■ **Task to complete**: Beginning with the line that contains "Diamantduiven worden ook", repeat each line exactly through the end of the listing below. Pictures stay out.

■ **Record extracts**:

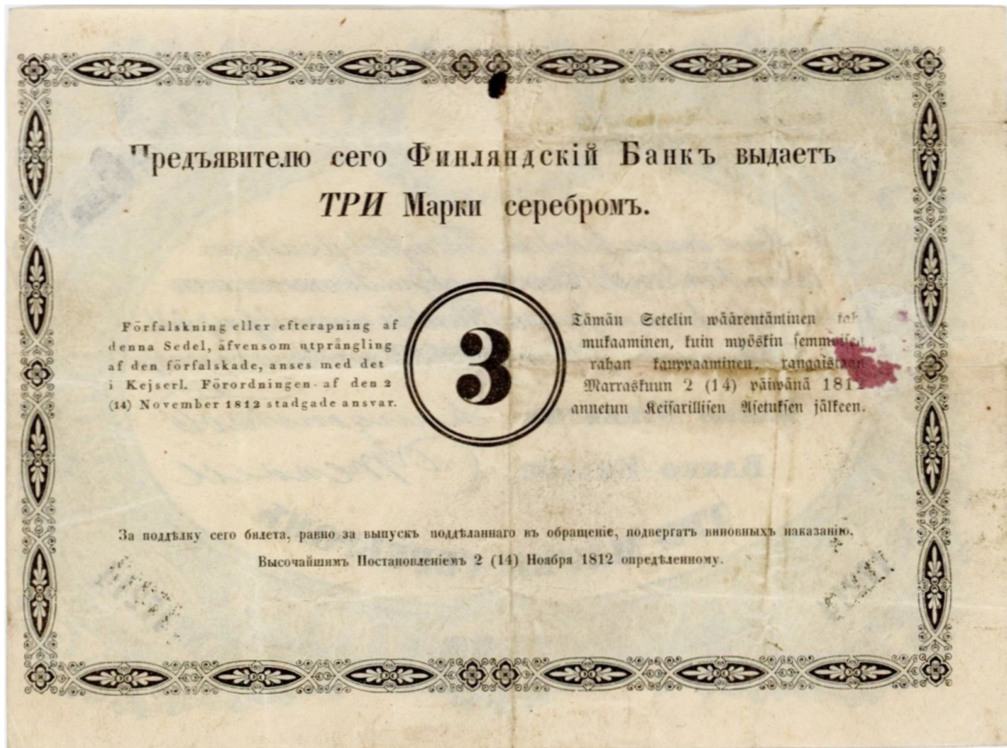
Kuva 4. Aidon Katz:in huutokaupassa 29. tammikuuta 2023 myydyn 3 markan setelin 1860 No 17214 taustapuolen kohdekuva. Huomaa kuvan epätarkkuus verrattuna kuvaan 2. Kuvalähde: https://www.numisbids.com/n.php?p=lot&sid=6453&lot=1643 Kuvan muokkaus Jorma Imppola, SeAMK.

Heti, kun huutokauppalista kohdekuvineen tuli julki, huomasi suomalainen keräilijäyhteisö sen, että kyseisessä huutokaupassa oli muiden suomalaisten seteleiden joukossa myynnissä 3 markkaa 1860, 10 markkaa 1898 ja 10 markkaa 1945 Litt B Spécimen, joista on tehty ja kaupiteltu massoittain kopioita. Tämä luonnollisesti langetti ikävän epäilyksen siemenen kohteiden aitoudesta, jota erityisesti 3-markkaisen huutokauppakuvan epätarkkuus vain lisäsi, vaikka kaikki kolme epäilyllä ollutta seteliä olivat aitoja.
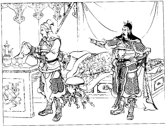
(8) 汉王命从人揭起锦被,将印拿走。
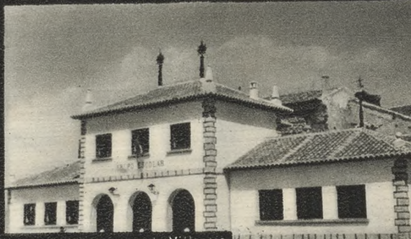
Grupo escolar nuevo de Villarejo de Salvanes (4.380 habitantes).
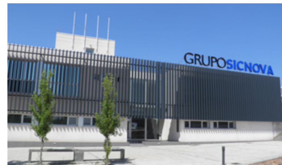
Imagen de la sede de la empresa Sicnova 3D.

Los modelos 3D tienen la suficiente rigidez y tenacidad para hacer operaciones de fresado, perforado y corte, sirviendo así como modelos de entrenamiento para cirugías o pruebas en distintas técnicas quirúrgicas. “De este modo se pueden obtener modelos 3D anatómicamente fieles y a escala real a partir de una imagen médica, para patologías traumatológicas, odontológicas-maxilofaciales, oncológicas o cardiológicas,
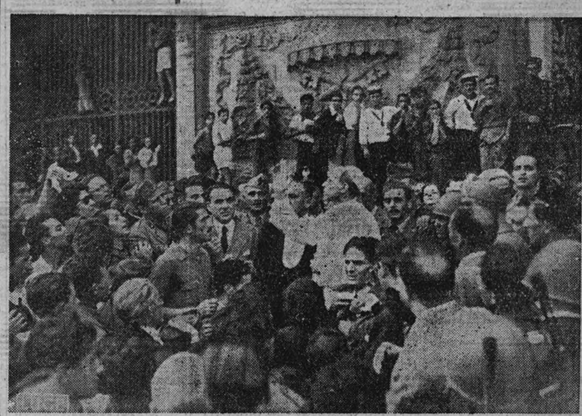
Su Santidad Pío XII bendice en la Basílica de San Juan a la población romana, poco después de una incursión aérea
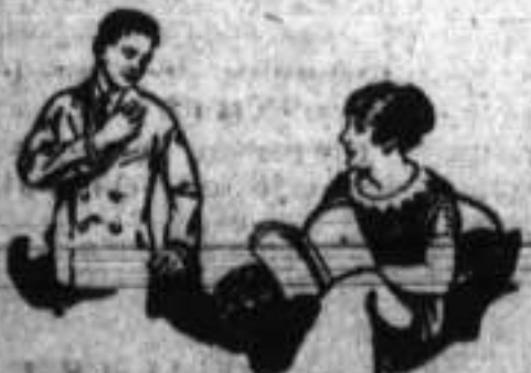
SU MEJOR AMIGO

es el mejor purgante conocido, el más delicioso y el más eficaz.
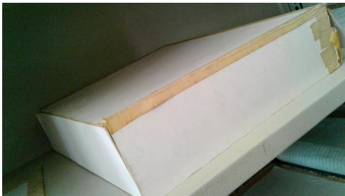
Figura 10: Invólucro onde está localizado o processo criminal.
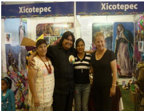
Exposición de trabajo de Artesanos de Xicoteppec, en la feria de Mayo en el Centro Expositor de Puebla
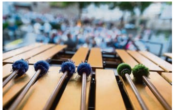
Schlaginstrumente beim Kultursommer: Das Ad Astra Percussion-Ensemble gastiert in Vöhl.

Viele der zum Einsatz kommenden Instrumente sind dem Publikum in ihrer Funktionsweise und ihren klanglichen, technischen und spielerisch-musikalischen Dimensionen unbekannt, obwohl sie zum klassischen Instrumenten-Kanon gehören. Sie versprechen damit nicht nur ein spannendes Hörerlebnis, sondern bieten auch viel zum Schauen und Staunen. Die Musiker erzählen in ih-
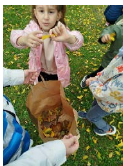
« Promenons-nous dans les bois... »
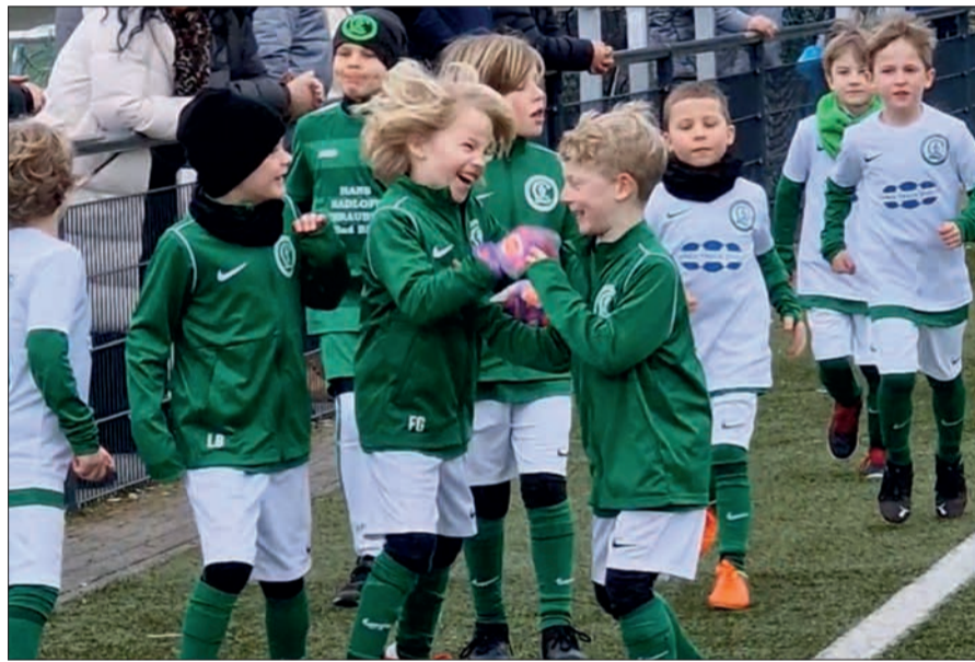
Die Jungs und Mädels der LSV- F1, -G1 und -G2 liefen zusammen mit den Mannschaften und dem Schiedsrichter auf den Platz ein.
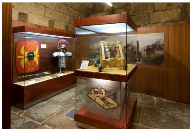
Fotografia n° 07 – Sala da Origem

De seguida, surge-nos a Sala da Idade Média, onde os moradores e turistas encontram o retrato descritivo dos utensílios bélicos usados no período medieval e, também, no início da era moderna, especialmente aqueles relacionados ao tema da neurobalística. Em uma ambientação, identificamos, essencialmente, a trajetória de Almeida como recurso de defesa territorial por ocasião das diversas investidas de forças estrangeiras, que invadiram ou ameaçaram invadir o território português, por vários motivos e circunstâncias, cujo resultado foi a ocorrência de “combates e cercos, entre portugueses, mouros, leoneses e castelhanos” pela luta, conquista, posse e exploração da região de Almeida. Por fim, ainda, destaca-se que Almeida tornou-se, definitivamente, portuguesa por intermédio da ação de Dom Diniz com a celebração do Tratado de Alcanices. (Catálogo do Museu Histórico-Militar de Almeida, 2009, p.10). Além do que, nesta sala de exposição, o conteúdo recriado “mostra-nos as táticas de assédio às fortificações e os tipos de combate.” (Revista Viagem na História, 2021, p.40).
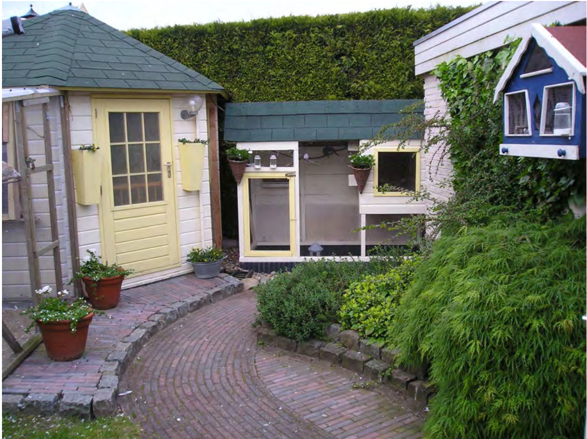
Fig. 7 In het midden een volièrre voor diamantduiven

Diamantduiven worden ook wel permanent binnen gehouden in een binnenvolière of in kleinere kooien. Er zijn dan geen problemen in het koude jaargetijde.
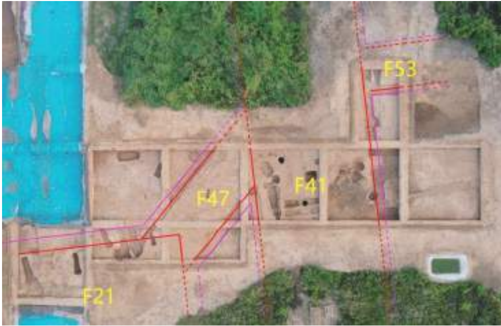
图七 F21 东北建筑分布图

在 F21 西南侧发现近方形殿址 F46，属于西部院落的建筑，台基边长约 24 米，南北两侧台基包砖及散水保存较好，南侧为左右双踏，北侧为居中设一处踏步。

■ **Solution below**:
Diamantduiven worden ook wel permanent binnen gehouden in een binnenvolière of in kleinere kooien. Er zijn dan geen problemen in het koude jaargetijde.
图七 F21 东北建筑分布图

在 F21 西南侧发现近方形殿址 F46，属于西部院落的建筑，台基边长约 24 米，南北两侧台基包砖及散水保存较好，南侧为左右双踏，北侧为居中设一处踏步。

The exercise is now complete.